With that in mind, it’s worth seeing if the underlying fundamentals of the business have been driving long-term performance, or if there are any gaps.

Pieris Pharmaceuticals is currently unprofitable, so most analysts would look to revenue growth to get a sense of how fast the underlying business is growing. Generally speaking, companies with no profits are expected to increase their income every year, and at a good rate. Some companies are ready to postpone profitability to increase their revenue faster, but in this case, good revenue growth is expected.

Over the past 5 years, Pieris Pharmaceuticals has seen its turnover increase by 28% per year. Even compared to other revenue-driven businesses, this is a good result. It is therefore not entirely surprising that the share price reflects this performance by increasing at a rate of 23% per annum, during this period. So it seems likely that buyers paid attention to the strong revenue growth. Pieris Pharmaceuticals appears to be a high growth stock – so growth investors might want to add it to their watch list.

The company’s revenue and profits (over time) are shown in the image below (click to see exact numbers).

NasdaqCM: PIRS Profits and Revenue Growth October 11, 2021

Take a closer look at Pieris Pharmaceuticals’ financial health with this free report on its balance sheet.

A different perspective

It is nice to see that Pieris Pharmaceuticals shareholders have received a total shareholder return of 117% over the past year. This is better than the annualized return of 23% over half a decade, which implies that the company has been doing better recently. Someone with an optimistic outlook might view the recent improvement in TSR as indicating that the business itself is improving over time. It is always interesting to follow the evolution of stock prices over the long term. But to understand Pieris Pharmaceuticals better, there are many other factors that we need to consider. For example, we discovered 3 warning signs for Pieris Pharmaceuticals which you should know before investing here.

Sure Pieris Pharmaceuticals may not be the best stock to buy. So you might want to see this free collection of growth stocks.

Please note that the market returns quoted in this article reflect the market-weighted average returns of stocks currently traded on US stock exchanges.

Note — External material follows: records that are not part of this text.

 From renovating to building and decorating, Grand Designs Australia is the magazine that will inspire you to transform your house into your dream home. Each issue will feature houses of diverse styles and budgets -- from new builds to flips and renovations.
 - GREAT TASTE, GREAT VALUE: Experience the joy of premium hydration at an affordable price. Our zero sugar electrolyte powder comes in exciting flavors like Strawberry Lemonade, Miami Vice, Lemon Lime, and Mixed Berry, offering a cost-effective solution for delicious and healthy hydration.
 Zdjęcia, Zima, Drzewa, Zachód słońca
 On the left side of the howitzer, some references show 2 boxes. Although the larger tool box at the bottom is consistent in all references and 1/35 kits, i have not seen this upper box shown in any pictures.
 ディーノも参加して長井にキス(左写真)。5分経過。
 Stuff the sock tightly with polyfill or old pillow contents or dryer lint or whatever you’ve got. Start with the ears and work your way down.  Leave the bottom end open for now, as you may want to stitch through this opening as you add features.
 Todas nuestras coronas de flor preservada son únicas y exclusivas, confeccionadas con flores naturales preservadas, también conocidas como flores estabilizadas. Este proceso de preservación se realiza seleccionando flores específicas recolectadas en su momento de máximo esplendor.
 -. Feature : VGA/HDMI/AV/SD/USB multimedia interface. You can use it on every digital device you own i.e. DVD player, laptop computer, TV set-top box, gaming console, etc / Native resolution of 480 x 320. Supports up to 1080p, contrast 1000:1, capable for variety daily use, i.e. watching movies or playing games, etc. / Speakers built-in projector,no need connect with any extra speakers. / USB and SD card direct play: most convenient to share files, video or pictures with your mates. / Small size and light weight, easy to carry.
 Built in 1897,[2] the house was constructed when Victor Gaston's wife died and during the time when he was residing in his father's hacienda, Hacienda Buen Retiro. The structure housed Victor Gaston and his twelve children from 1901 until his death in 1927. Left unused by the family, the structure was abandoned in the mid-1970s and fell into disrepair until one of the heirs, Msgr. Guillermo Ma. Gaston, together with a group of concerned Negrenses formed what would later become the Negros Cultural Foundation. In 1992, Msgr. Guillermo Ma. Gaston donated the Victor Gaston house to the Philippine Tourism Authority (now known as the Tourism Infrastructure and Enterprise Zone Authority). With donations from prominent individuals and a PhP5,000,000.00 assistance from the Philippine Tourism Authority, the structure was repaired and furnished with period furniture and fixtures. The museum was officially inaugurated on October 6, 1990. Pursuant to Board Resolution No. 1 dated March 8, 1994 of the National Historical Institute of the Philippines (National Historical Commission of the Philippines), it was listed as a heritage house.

This Simply Wall St article is general in nature. We provide commentary based on historical data and analyst forecasts using only unbiased methodology and our articles are not intended to be financial advice. It does not constitute a recommendation to buy or sell shares and does not take into account your goals or your financial situation. Our aim is to bring you long-term, targeted analysis based on fundamental data. Note that our analysis may not take into account the latest announcements from price sensitive companies or qualitative material. Simply Wall St has no position in any of the stocks mentioned.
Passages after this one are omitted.